Lord & Taylor is the latest retailer to file bankruptcy amid the economic disruption of the pandemic. It was struggling for a long, long time before covid, but in its heyday, Lord & Taylor was defined by its fanciness—a particular vision of fanciness, one that was about a specific type of ready-to-wear chicness and style. The Lord & Taylor woman’s grandmother might have worn fussy s-curve corsets and innumerable layers, but they were poised in a pair of solid pumps, straddling the formality of their predecessors and the informality of today.

Founded in 1826, Lord & Taylor is one of the oldest department stores in the US, one intimately linked with New York City and its upper social echelon. Look at this shot from 1946, which just screams, “I’m here to assemble my wardrobe for Radcliffe.”

Image:Eric SCHWAB / AFP (Getty Images)

A good illustration of the ways in which the environment of the city and the company were intertwined: The window displays. Lord & Taylor lead the way in the creation of ever-more elaborate Christmas designs. It’s not for the holidays, but here’s Prince Philip on a 1966 visit, checking out a display of imported British goods, looking duly engaged.

Image:Marty Lederhandler (AP)

The company unloaded its massive Fifth Avenue flagship in 2019, selling the building to WeWork for an absurd $850 million and truly signaling the end of the golden age of the urban department store. It had been over for a while, of course, but the sale was an important symbolic moment.

Another interesting fact about Lord & Taylor: It was the first retail firm of its size to put a woman in charge. Dorothy Shaver ran the company at the height of its power and glamour, overseeing the shift from the interwar years to the brand’s extension into the suburbs. Her legacy extended beyond simply being the first, though: Shaver played an important role in helping promote American ready-to-wear designers from the 1930s and on into the post World War II era, when Paris was still putting itself back together. She helped create that aura of crisp style you see in the pictures above that reads as formal today, but at the time seemed made for a woman on the move, striding around the streets of Manhattan, and it was very successful for the company.

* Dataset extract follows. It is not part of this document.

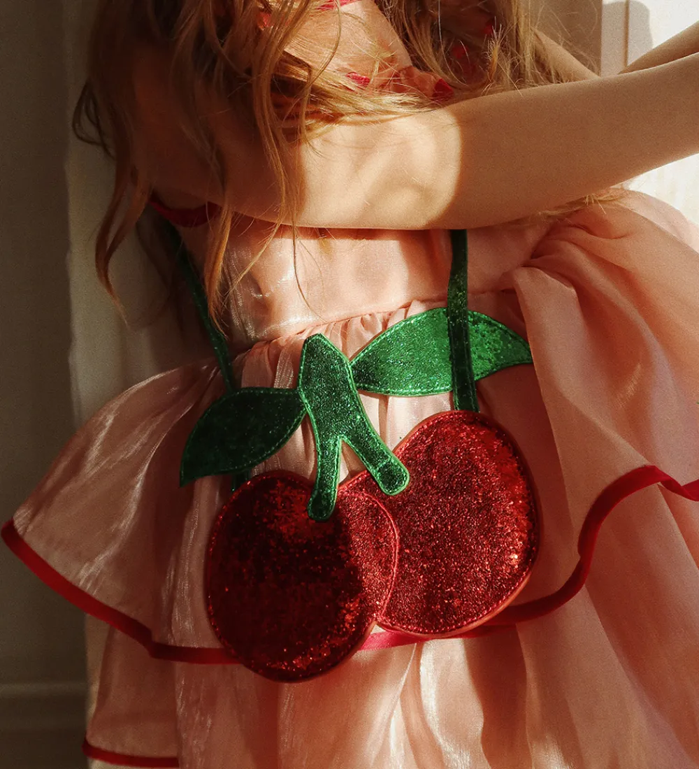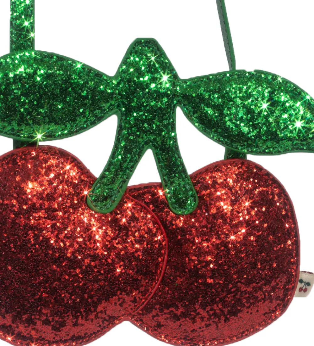 Sød Konges Sløjd skuldertaske lavet som et kirsebær i rød og grøn med glimmer.

Here Shaver is, chairing a working lunch in 1946. Note that at least two women kept their hats on.

Image:ERIC SCHWAB/AFP (Getty Images)

A New York Times report from the store’s 150th-anniversary party in 1976—headlined “At Lord & Taylor, 150 Is Only the Start”—now reads as richly ironic, knowing how rough the next few decades would be. But still, they had enough juice to get Sophia Loren into the store selling perfume in 1980, and it’s hard to imagine what could be more glamorous than that.